• [Problem description] Nothing but the lines below between the line holding "2024新款春款小个子内增高女鞋8cm真皮板鞋休S闲运动厚底小白鞋子" and the line holding "Fitted kesimde, beyaz", inclusive, should appear in the answer, each set down exactly.

• [Dataset records]
--- --- ---

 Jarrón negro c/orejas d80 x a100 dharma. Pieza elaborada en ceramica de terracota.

--- --- ---

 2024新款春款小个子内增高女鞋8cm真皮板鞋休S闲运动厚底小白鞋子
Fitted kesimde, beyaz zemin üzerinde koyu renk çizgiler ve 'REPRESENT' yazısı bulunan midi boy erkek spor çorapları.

--- --- ---

• [Exercise answer]
 2024新款春款小个子内增高女鞋8cm真皮板鞋休S闲运动厚底小白鞋子
Fitted kesimde, beyaz zemin üzerinde koyu renk çizgiler ve 'REPRESENT' yazısı bulunan midi boy erkek spor çorapları.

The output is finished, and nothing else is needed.